PROVIDED MATERIAL:
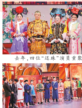
去年，四位“还珠”演员重聚

据悉，此次腾讯视频上线的琼瑶经典剧集中，既有《新月格格》《烟锁重楼》为代表的“两个永恒”系列，也有《梅花烙》《鬼丈夫》《水云间》组成的“梅花三弄”系列。而曾掀起全民追剧热潮，陪伴80后、90后群体成长的“暑期必看系列”《还珠格格》第一、二、三部和《情深深雨濛濛》等内地观众较熟悉的琼瑶剧，已进入该平台不同板块的电视剧热播榜，可见琼瑶剧依然保持高人气。
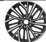
7.0J x 18" Lieti ratlankiai 225/55 R18
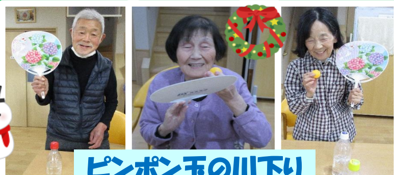
ピンポン玉の川下り
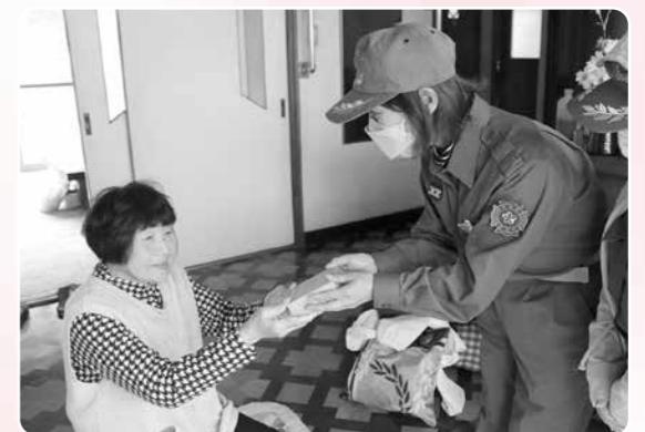
女性消防団員から火災警報器が手渡される(10月18日)
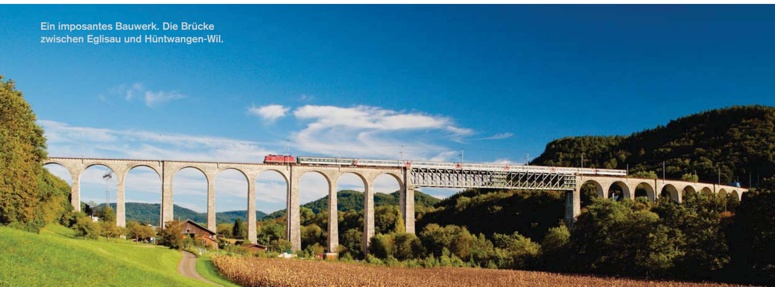
Ein imposantes Bauwerk. Die Brücke zwischen Eglisau und Hüntwangen-Wil.

Über die definitiven Ergebnisse des oben vorgestellten Monitorings und die dadurch angezeigten Massnahmen informiert «der bauingenieur», sobald die Messergebnisse vorliegen.
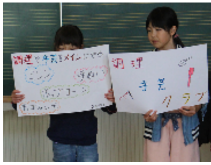
「調理・手芸クラブ」
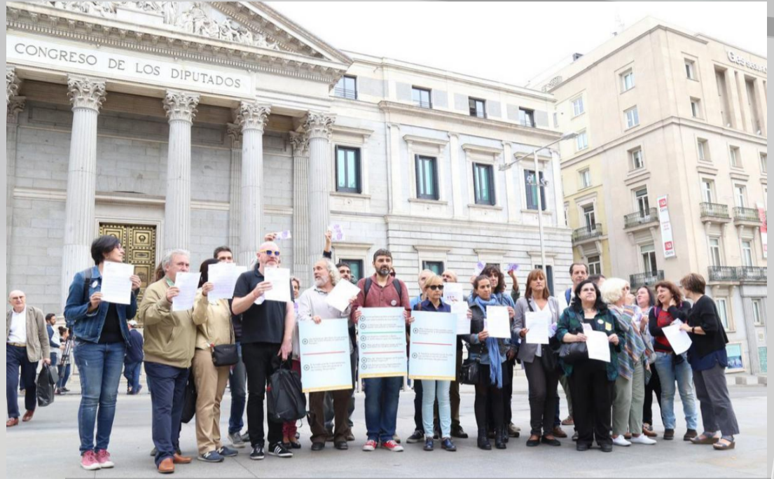
کمیسیون های کارگری به اتفاق انجمن های حقوق بشر برای ارائه و ثبت پیشنهادها، برای مبارزه با فقر در مقابل پارلمان اسپانیا

اداره آمار اروپا (یورواستات) به اسپانیا به عنوان یکی از کشورهای که فقر در آن از سال ۲۰۰۸ افزایش یافته است، اشاره دارد، در حالی که فقر در اتحادیه اروپا است ۳ دهم درصد از سال ۲۰۰۸ کاهش داشته است، اما در اسپانیا فقر با افزایش ۴٫۱ درصد را نشان می دهد.
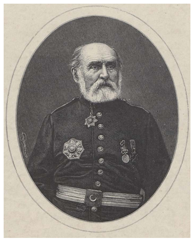
Михайло Чайковський в середині 1870-х рр.
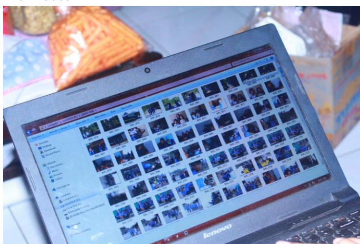
Gambar proses pemilihan file foto dan video yang akan digunakan untuk membuat profil dusun
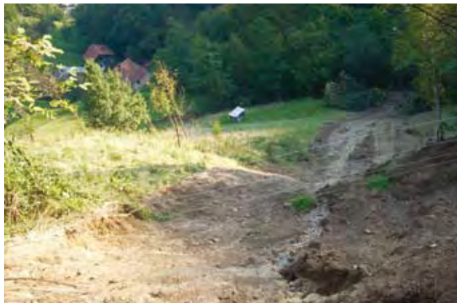
Na območjih, kjer so pojavi plazov pogosti, živi in dela 18 odstotkov slovenskega prebivalstva. Škode zaradi plazov so v letih od 1994 do 2008 dosegle vrednost 99,07 milijona evrov, brez stroškov sanacije.

Poleg sanacij, ki so stroškovno zahtevne in velikokrat težje izvedljive, bi bilo v prihodnje priporočljivo izvajati tudi določene preventivne ukrepe na območjih, kjer je velika verjetnost pojavljanja plazov ter tako doseči zmanjšanje pojavljanja plazov v prihodnje. Priložnost za tovrstno ureditev vidimo ob razpravah o bodočem razvoju kmetijstva v Sloveniji ter pripravah na
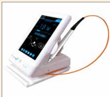
La versatilidad del láser Goliat hace que sea como tener tres equipos en uno.

Goliat, que es un equipo fácil y amigable de utilizar, sigue el mismo concepto formativo, brindando el material necesario para que el profesional pueda investigar más sobre todo el potencial terapéutico y quirúrgico que ofrece el láser.
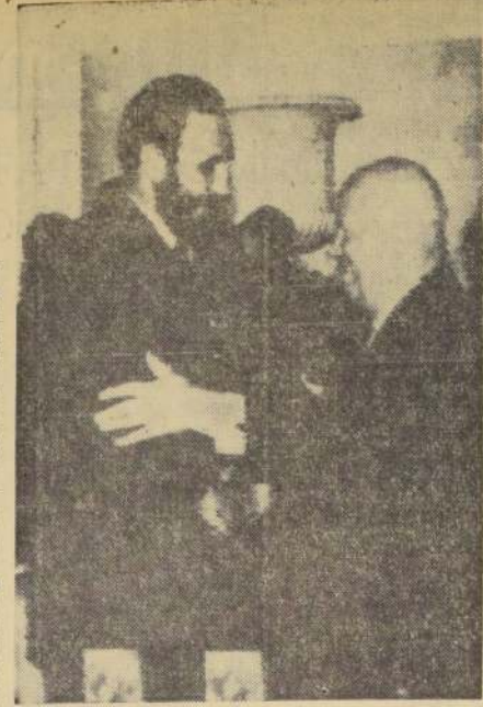
MOSCÚ.— Fidel Castro y Nikita Khrushchev sellan la amistad cubano-soviética con un estrecho abrazo. Momentos antes habían suscrito una declaración conjunta.

Castro habló también, durante 50 minutos, y dijo que la Unión Soviética no había violado "en ningún momento" una gran guerra para defender a un país pequeño.
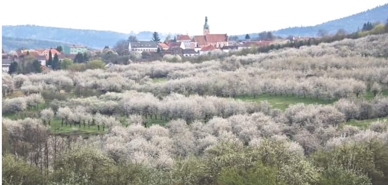
Naše Lhenicko opět rozkvetlo do krásy – více uvnitř listu

ACTION ITEM:
Leaving the pictures out, set down all of the data again exactly.

YOUR RESPONSE:
去年，四位“还珠”演员重聚

据悉，此次腾讯视频上线的琼瑶经典剧集中，既有《新月格格》《烟锁重楼》为代表的“两个永恒”系列，也有《梅花烙》《鬼丈夫》《水云间》组成的“梅花三弄”系列。而曾掀起全民追剧热潮，陪伴80后、90后群体成长的“暑期必看系列”《还珠格格》第一、二、三部和《情深深雨濛濛》等内地观众较熟悉的琼瑶剧，已进入该平台不同板块的电视剧热播榜，可见琼瑶剧依然保持高人气。
7.0J x 18" Lieti ratlankiai 225/55 R18
ピンポン玉の川下り
女性消防団員から火災警報器が手渡される(10月18日)
Ein imposantes Bauwerk. Die Brücke zwischen Eglisau und Hüntwangen-Wil.

Über die definitiven Ergebnisse des oben vorgestellten Monitorings und die dadurch angezeigten Massnahmen informiert «der bauingenieur», sobald die Messergebnisse vorliegen.
「調理・手芸クラブ」
کمیسیون های کارگری به اتفاق انجمن های حقوق بشر برای ارائه و ثبت پیشنهادها، برای مبارزه با فقر در مقابل پارلمان اسپانیا

اداره آمار اروپا (یورواستات) به اسپانیا به عنوان یکی از کشورهای که فقر در آن از سال ۲۰۰۸ افزایش یافته است، اشاره دارد، در حالی که فقر در اتحادیه اروپا است ۳ دهم درصد از سال ۲۰۰۸ کاهش داشته است، اما در اسپانیا فقر با افزایش ۴٫۱ درصد را نشان می دهد.
Михайло Чайковський в середині 1870-х рр.
Gambar proses pemilihan file foto dan video yang akan digunakan untuk membuat profil dusun
Na območjih, kjer so pojavi plazov pogosti, živi in dela 18 odstotkov slovenskega prebivalstva. Škode zaradi plazov so v letih od 1994 do 2008 dosegle vrednost 99,07 milijona evrov, brez stroškov sanacije.

Poleg sanacij, ki so stroškovno zahtevne in velikokrat težje izvedljive, bi bilo v prihodnje priporočljivo izvajati tudi določene preventivne ukrepe na območjih, kjer je velika verjetnost pojavljanja plazov ter tako doseči zmanjšanje pojavljanja plazov v prihodnje. Priložnost za tovrstno ureditev vidimo ob razpravah o bodočem razvoju kmetijstva v Sloveniji ter pripravah na
La versatilidad del láser Goliat hace que sea como tener tres equipos en uno.

Goliat, que es un equipo fácil y amigable de utilizar, sigue el mismo concepto formativo, brindando el material necesario para que el profesional pueda investigar más sobre todo el potencial terapéutico y quirúrgico que ofrece el láser.
MOSCÚ.— Fidel Castro y Nikita Khrushchev sellan la amistad cubano-soviética con un estrecho abrazo. Momentos antes habían suscrito una declaración conjunta.

Castro habló también, durante 50 minutos, y dijo que la Unión Soviética no había violado "en ningún momento" una gran guerra para defender a un país pequeño.
Naše Lhenicko opět rozkvetlo do krásy – více uvnitř listu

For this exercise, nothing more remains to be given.